Legal Article - Employment Law

Statement of Terms and Conditions of Employment

Although the entire Contract of Employment need not be written, certain information must be provided in writing. It is also good practice to clearly define the Employment relationship, as this can minimise later disagreements as outline within the Employment Relationship Act 2000.

Under the Employment Rights Act 1996, all new employees whose employment continues for a month or more, are entitled to receive a written statement of particulars of employment specifying important information.

The employer must provide a statement no later than two months after the employee starts work. An employer is only required to provide a new written statement to existing employees if they request one. This request can be made up to three months after the employee’s employment ends.

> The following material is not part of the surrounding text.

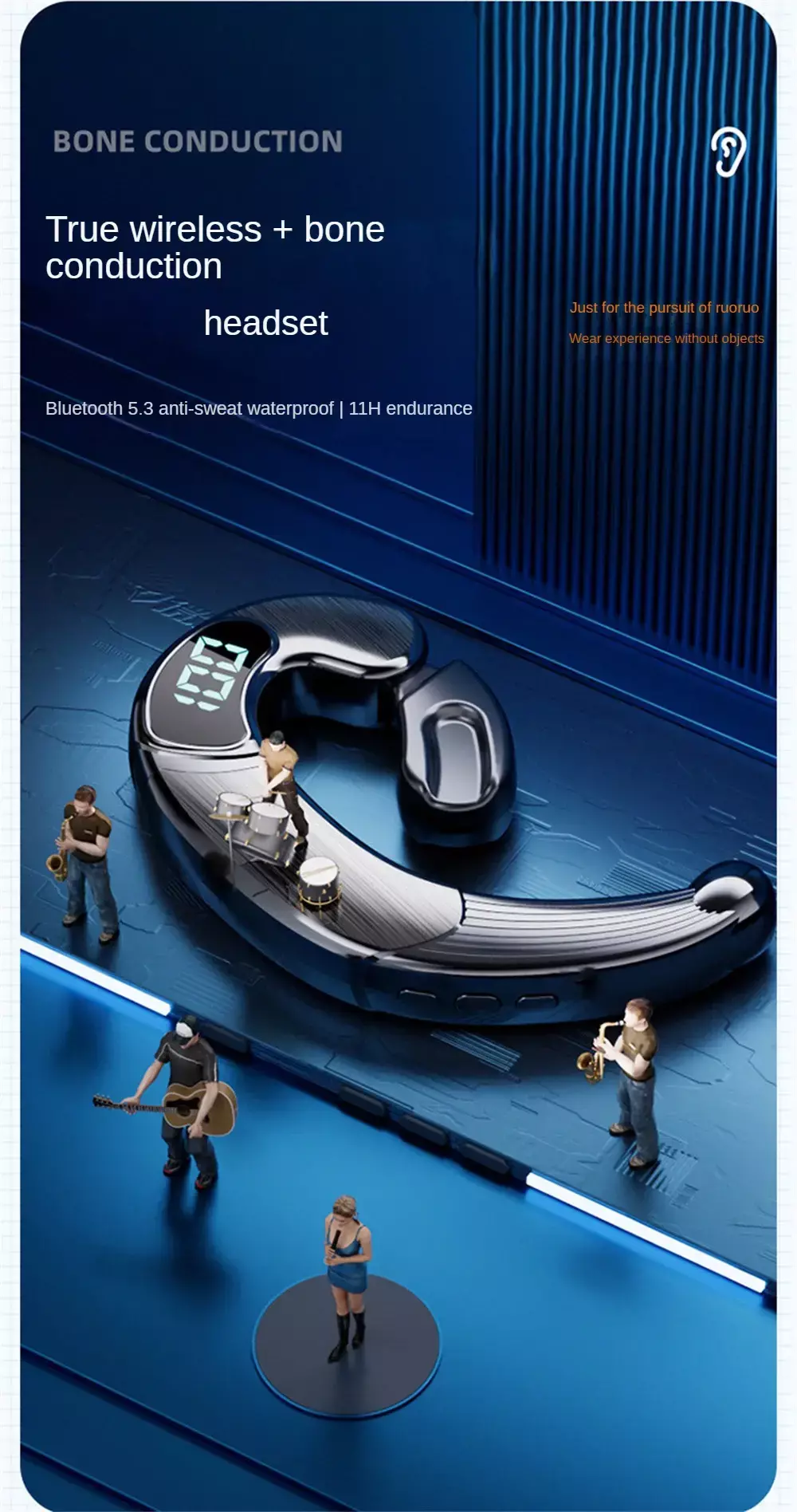 Descrição:Nome do produto: auricular compatível com bluetooth condução óssea real

The following details must be given together, in a single document, and is known as the “Principal Statement of Employment”. These details are:

a) the names of the employer and employee
b) the date when employment began
c) the date on which the employee’s period of continuous employment began, taking into account any employment with any previous employer, which counts
d) the scale or rate of pay, or the way pay is worked out
e) the pay intervals (hourly, weekly, monthly etc)
f) any terms and conditions relating to hours of work (including normal working hours)
g) any terms and conditions relating to holiday entitlement including public holidays and holiday pay (including rules on entitlement to accrued holiday pay on termination of employment).

These rules must be sufficiently specific to allow the entitlement to be precisely calculated.

h) job title or a brief job description
i) place of work, or, if the employee is required or permitted to work at various places, an indication of that fact and the employer’s address.

The employer must also provide the following details, either with the Principal Statement of Employment or separately (but within two months)
• Any sickness/injury scheme

• Rules on pension and pension schemes (e.g. whether it is contacted out or not)

• Length of notice to be given by both employer and employee

• If it is a temporary contract of employment

• If it is a fixed term contract of employment

• Particulars of any collective agreements which directly affect the terms and conditions of the employment including, where the employer is not a party, the person by whom they were made

• The name or description of the person with whom the employee can raise a grievance and the manner in which such applications should be made (see “implied terms” above)

• Any disciplinary rules and procedures applicable and the name or description of the person to whom an employee can apply if dissatisfied with a disciplinary decision and the manner in which such applications can be made (companies employing fewer than 20 employees do not have to provide these details on discipline)
• where the employee is required to work outside the U.K. for a period of more than one month, details of the length of posting, the currency in which payment will be made, details of any additional benefits arising from the posting and any terms and conditions relating to the employee’s return to the U.K.

The matters contained in the Principal Statement of Employment must be given in detail to the employee in one document.

For the other matters the written statement can refer employees to another document for details providing the employee has a reasonable opportunity to read the reference document in the course of their employment or where the document is made reasonably accessible in some other way (e.g. a Staff Handbook).

Any changes to the details described above must be given to each employee in writing at the earliest opportunity and in any event no later than a month after the change is made.

If the change is to one of the matters specified in the Principal Statement of Employment the change must be given in full; otherwise the written notification may refer the employee to another document provided it is reasonably accessible.